Jackson Lewis has filed a “friend-of–the-court” brief on behalf of the U.S. Chamber of Commerce, urging the National Labor Relations Board to adhere to its three-year-old decision in Dana Corporation, 351 NLRB 434 (2007) (originally known as Dana/Metaldyne).  That decision allows employees to test immediately through a decertification petition and Board-conducted election their employer’s extension of voluntary recognition to a union based on a card check or similar evidence of majority preference.  The filing came in Lamons Gasket, Case No. 16-RD-1597, where the agency is preparing to revisit the issue amidst much controversy.  James Stone and Kelli Webb Michaud in our Cleveland office wrote the amicus brief, with valuable assistance from Michael Lotito, Phil Rosen, and Harold Weinrich.  Mr. Stone had been lead counsel for Metaldyne in the earlier case.
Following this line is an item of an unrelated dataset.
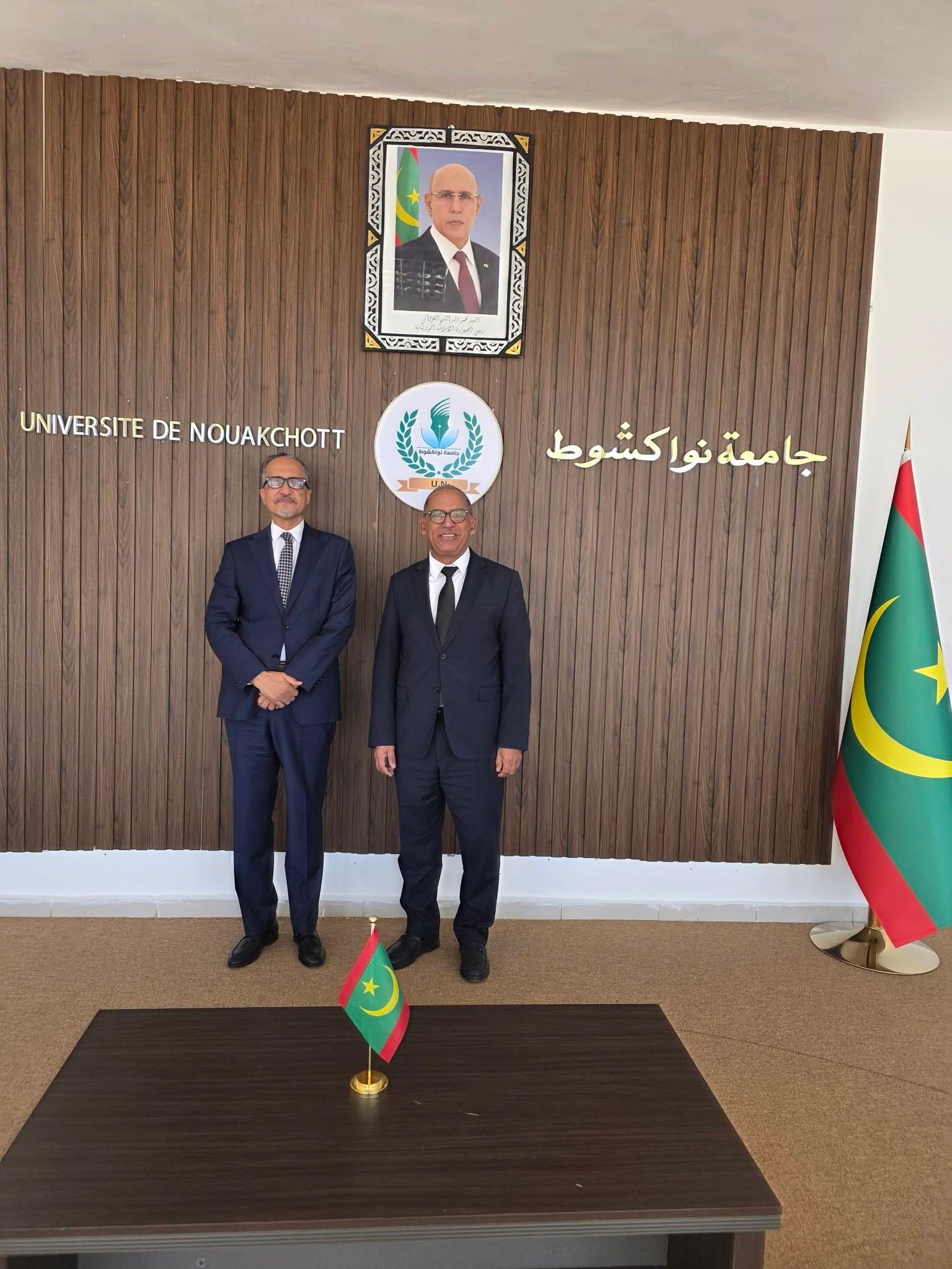 التيار (نواكشوط) - استقبل رئيس جامعة نواكشوط، البروفسور علي محمد سالم البخاري، الاثنين، رئيس مجلس جائزة شنقيط، الدكتور إسلكو ولد أحمد ايزيد بيه، وذلك في إطار بحث آفاق التعاون بين الجامعة ومجلس الجائزة.

Prior to Dana, in a rule first announced in Keller Plastics, 157 NLRB 583 (1966),the NLRB observed a strict bar, usually for a year, during which it would not consider a NLRB decertification petition or other attempt to oust the union following an employer’s granting of voluntary recognition. As a result, employees in many cases were prevented for a year from obtaining a secret ballot election to decide freely whether to have union representation (or to change unions) while the recognized union and company negotiated a contract.

This rule developed in a different era. When voluntary recognition was relatively rare and an inflexible rule of this sort might be justified in order to preserve labor peace.  A secret ballot election was generally regarded as a preferred and more reliable indicator of employee free choice, but in a few cases allowances could be made. 
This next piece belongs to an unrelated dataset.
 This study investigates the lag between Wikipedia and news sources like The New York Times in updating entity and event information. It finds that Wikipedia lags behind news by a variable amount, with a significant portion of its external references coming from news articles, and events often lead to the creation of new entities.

Card-check-based voluntary recognition agreements grew increasingly common in recent decades, however, often based on neutrality agreements.  The safeguards of Board-conducted balloting became harder to secure for employees.

The Board in Dana attempted to harmonize voluntary recognition arrangements made by employers and unions with the need to protect employees’ fundamental right of free choice in choosing (or not choosing) a collective bargaining representative.

It required an employer who voluntarily recognized a union to notify employees in a posting that voluntary recognition had been granted, but that the NLRB would accept, for a limited time (45 days following posting), a request to vote on keeping that recognition (or for a  rival union).  At least 30 percent of the unit employees had to back the move for the Board to hold an election.

Approximately 54 elections have been held under Dana. In 15 cases (approximately 28 percent), employees rejected the recognized union. In two of those elections, employees voted to replace the recognized union with a rival.

Now, however, pro-union members have been appointed to the NLRB.  To no one’s surprise, the new Board has decided to re-examine Dana. When the United Steelworkers (“USW”) challenged the direction of a Dana election following a decertification petition contesting Lamons Gasket’s recognition of the USW, the Board seized its opportunity. Over a vigorous dissent by its Republican members, the Board majority directed reassessment, indicating Dana, in its view, likely was unnecessary, burdensome, and contrary to NLRB precedent.

The U.S. Chamber of Commerce, like many employer groups, is concerned that the Board will sacrifice employee free choice in order to help unions organize. The Chamber assisted Jackson Lewis in preparing the amicus brief supporting the Dana rule.

It is axiomatic that NLRB-conducted elections are the preferred form of ascertaining employee choice as to union representation (or the lack thereof). The U.S. Supreme Court, the NLRB, employers, employee groups and even unions all have so concluded. We argue in our brief that Dana helps assure employee free choice and offers valuable safeguards against the abuses of voluntary recognition through card check and neutrality agreements. We reject the current Board’s suggestion that the relatively few instances where recognition has been rescinded under Dana means that the rule is unimportant. This experience may signal just the opposite: that mindful of Dana, parties to such agreements are careful not to overreach.  Remove the shadow of Dana, and the old abuses will return.

As a form of “consumer protection” for employees, we believe the rule critical to vindicating employee rights under the NLRA.

Briefing in the case will be completed in November, and a decision by the NLRB is expected early next year.